Because of their ubiquitous nature and non-point source impact, microbes are widespread and a difficult contaminant to control. In addition, disinfection by-products (DBPs) are also widespread due to the addition of disinfecting agents protecting against microbial growth. Chemical agents, i.e., from waste plants or industrial discharges, are largely from point sources and may be easier to control. Where contaminants are naturally present—such as radionuclide contaminants as a result of natural erosion—the problem is generally regional, offering increased awareness and the possibility for application of control measures.

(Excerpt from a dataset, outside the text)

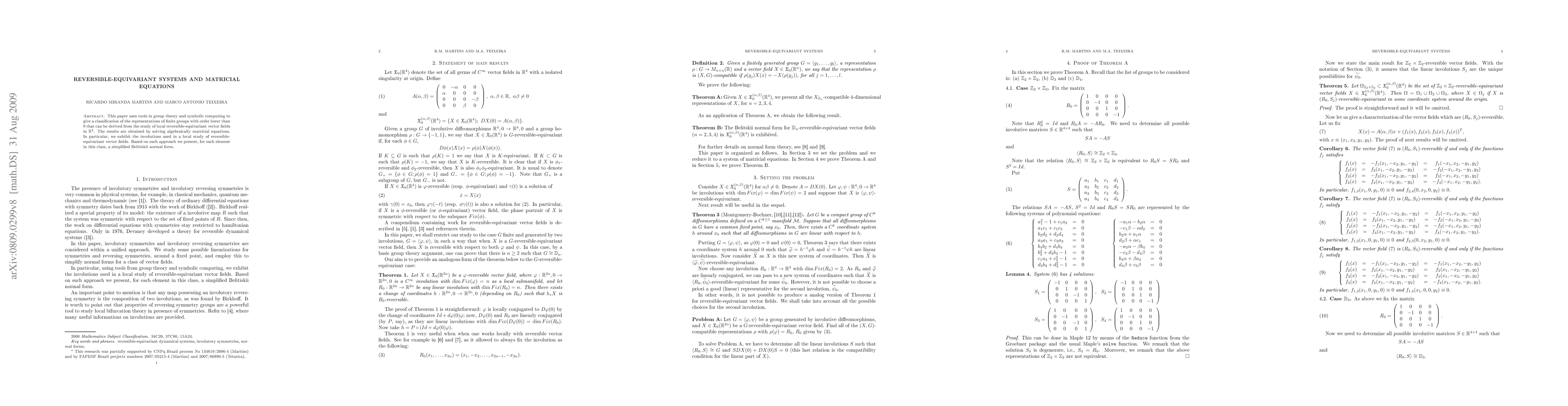 This paper uses tools in group theory and symbolic computing to give a classification of the representations of finite groups with order lower than 9 that can be derived from the study of local reversible-equivariant vector fields in $\rn{4}$. The results are obtained by solving algebraically matricial equations. In particular, we exhibit the involutions used in a local study of reversible-equivariant vector fields. Based on such approach we present, for each element in this class, a simplified Belitiskii normal form.

It’s important to note that regulations are only set for recognized hazards that have been associated with human illness. Increased knowledge of harmful agents and better reporting by medical facilities have enabled better identification of environmental hazards; however, new agents are frequently being discovered. The USEPA has committed to regulation of additional environmental hazards as well as conducting research on suspect contaminants. Even with this focused effort, no information is known or formal testing being conducted regarding the effect of combined hazard exposures. Thus, individual contaminants may in fact be responsible for mild disease separately but when combined with other hazards, may invoke a more serious effect.
Staying informed
The most recent year for which the USEPA has completed data on state violations is 1998. USEPA results indicate that based on the information reported to the agency by individual states, 20 percent of reporting public water systems recorded some kind of violation—102,437 violations total. Eighty-four percent of the violations were for monitoring and reporting infractions while 16 percent were health-based violations. Of the health-based violations, 7 percent were due to chemical contaminants, 74.5 percent exceeded the Total Coliform Rule, 1.6 percent exceeded the lead and copper rule and 17 percent violated the Safe Water Treatment Rule.
Conclusion
Although the USEPA is keeping regulatory tabs on local drinking water suppliers, information on contamination events aren’t available until long after exposures have occurred. Consumers may wish to access information on their particular watershed more frequently and determine how much confidence they have in their public drinking water supply. Local consumer confidence reports—also known as water quality reports—should be available from your local water utility or service provider. Knowing the violation history of individual water supplies may help consumers determine the need for additional point-of-use treatment options.
References
- Morris, Levin, In Reichard et al., “Estimating the incidence of waterborne infectious disease related to drinking water in the United States, assessing and managing health risks from drinking water contamination: Approaches and applications,” International Association of Hydrological Sciences Press, Great Britain, 1995.